**Information provided**
···

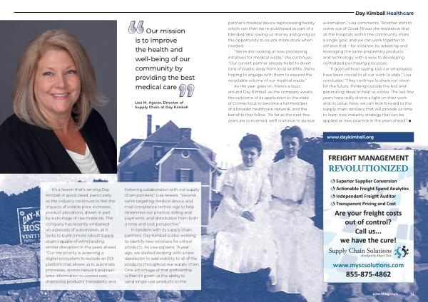 As the year goes on , there ’ s a buzz around Day Kimball , as the company awaits the outcome of its application to the state of Connecticut to become a full member of a broader healthcare network , and the benefits that follow . “ As far as the next few years are concerned , we ’ ll continue to pursue automation ,” Lisa comments . “ Another shift to come out of Covid-19 was the realization that all the hospitals within the community share a single goal , and we can work together to achieve that – for instance , by adopting and leveraging the same proprietary products and technology , with a view to developing centralized purchasing processes .
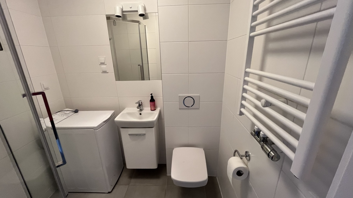 Dwa pokoje, kuchnia w pełni umeblowana i wyposażona w nowe sprzęty agd: zmywarka, lodówka, płyta, piekarnik, okap, pralka.
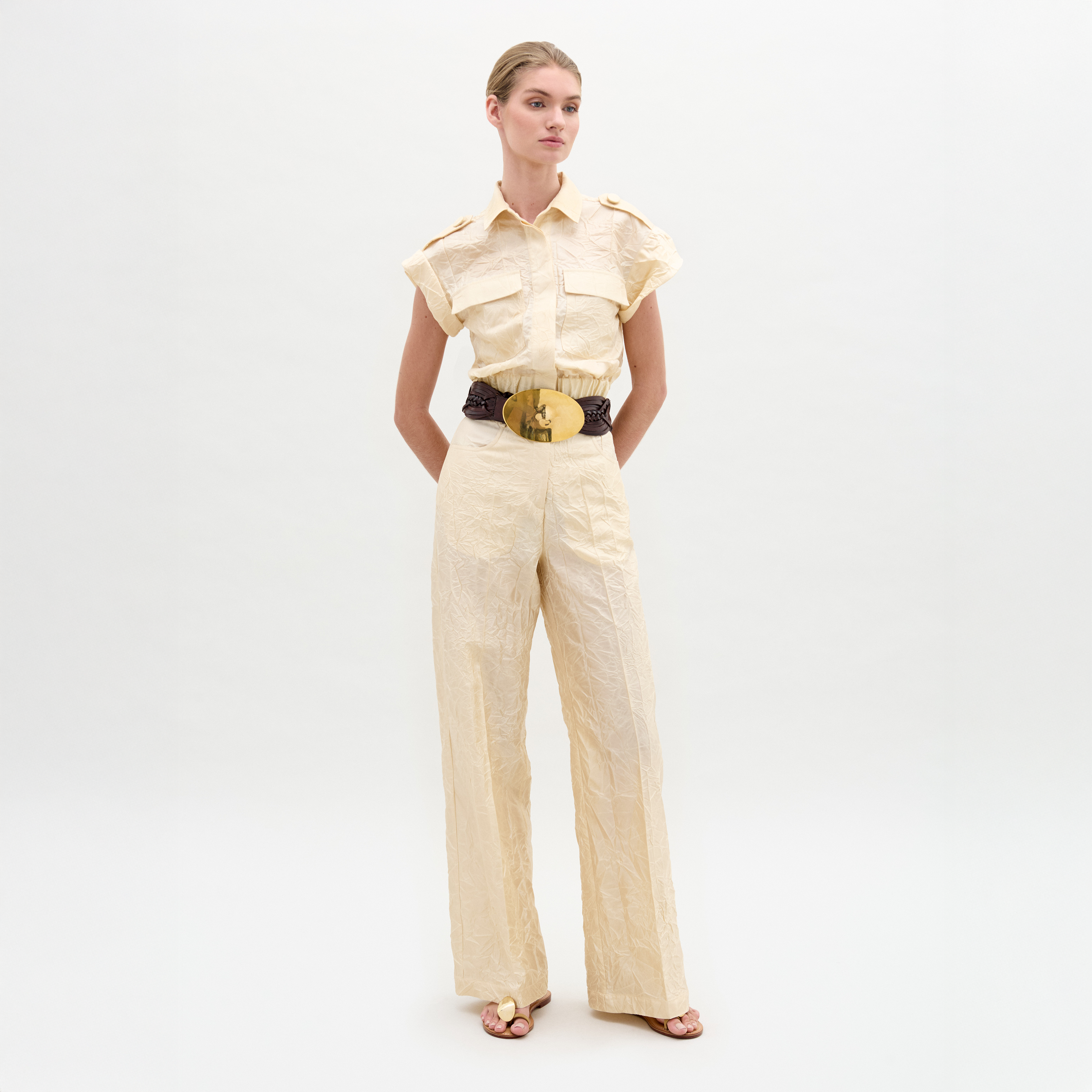 - Wide-leg silhouette

···

**Exercise instructions**
Send back the data above word for word, with the pictures left out.

**Reply**
 As the year goes on , there ’ s a buzz around Day Kimball , as the company awaits the outcome of its application to the state of Connecticut to become a full member of a broader healthcare network , and the benefits that follow . “ As far as the next few years are concerned , we ’ ll continue to pursue automation ,” Lisa comments . “ Another shift to come out of Covid-19 was the realization that all the hospitals within the community share a single goal , and we can work together to achieve that – for instance , by adopting and leveraging the same proprietary products and technology , with a view to developing centralized purchasing processes .
 Dwa pokoje, kuchnia w pełni umeblowana i wyposażona w nowe sprzęty agd: zmywarka, lodówka, płyta, piekarnik, okap, pralka.
 - Wide-leg silhouette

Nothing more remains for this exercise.